Mavroforou A. 1, 2, Michalodimitrakis E. 2, Koutsias S. 3, Mavrophoros D. 4, Giannoukas A. D. 3

1 Department of Medical Ethics and Deontology and 2 Department of Forensic Sciences, University of Crete Medical School, Heraklion, Greece 3 Department of Vascular Surgery, University of Thessaly Medical School, Larissa, Greece, 4 Radiology Unit, Asklepeion Medical Center, Heraklion, Crete, Greece


Venous thromboembolism associated with prolonged sitting during air travel has been reported in the medical literature. The aim of this article was to review whether the existing evidence can raise ethical concerns and grounds for legal implications. Review of the pertinent literature.

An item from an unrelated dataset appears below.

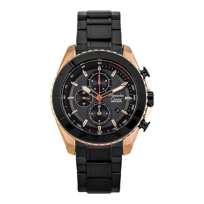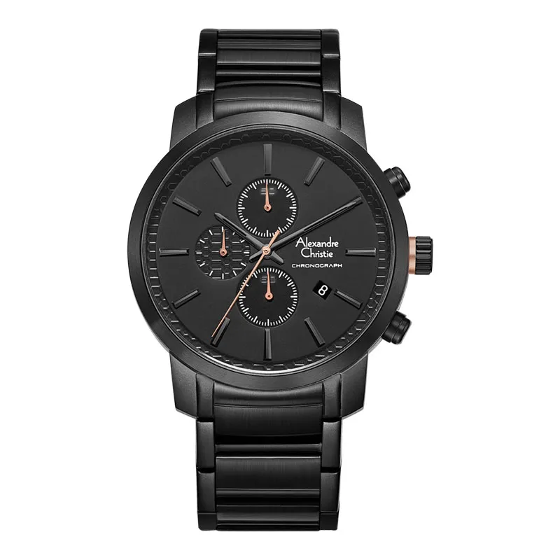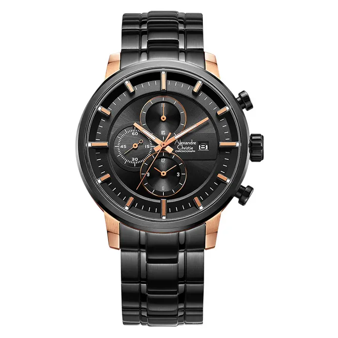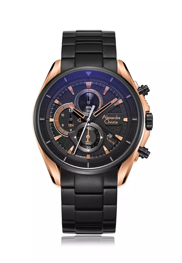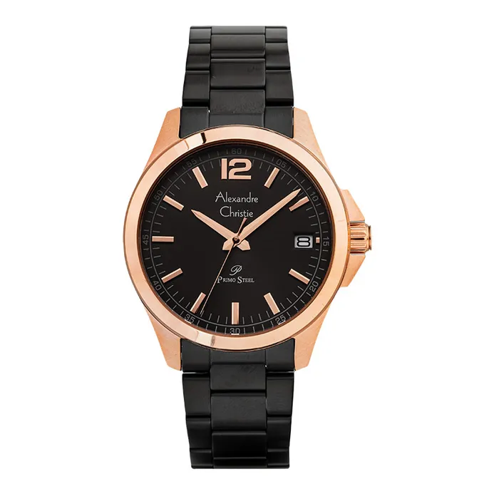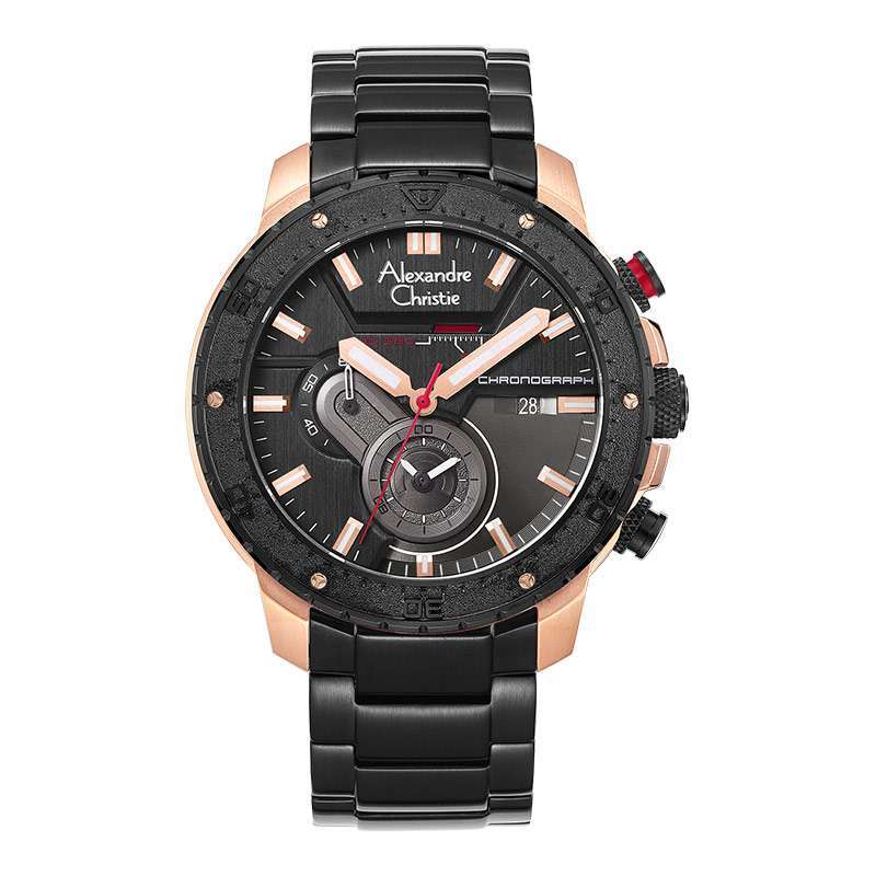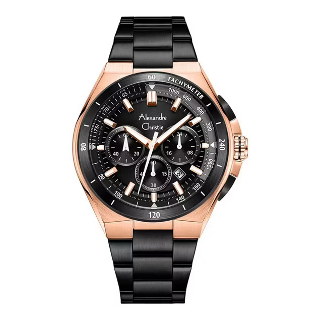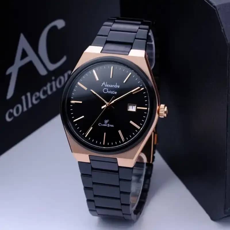 Jam Tangan Pria Alexandre Christie AC 1031 Black Rosegold Stainless steel

Long duration air travel is linked with venous thromboembolism in susceptible individuals. However, the jurisdictions in countries that have adopted the Warsaw Convention 1929 and its amendment at Hague in 1955 have invariably based their approach on whether venous thromboembolism developed after air travel is an “accident” under the provision of article 17. Not only this has failed to be proven under various jurisdictions but also inaction, including not warning of the risk and not giving advice on the precautions that would minimise that risk have not been considered sufficient to rank venous thromboembolism as an “accident”. While there is scientific evidence to support that long-haul flights may predispose to the development of venous thromboembolism in susceptible individuals, there is a clear trend in various jurisdictions that the airline carrier does not incur liability under the Warsaw convention. Nevertheless, the existing scientific evidence raises ethical concerns on the need for information and advice on prevention to those passengers at risk from the airline companies.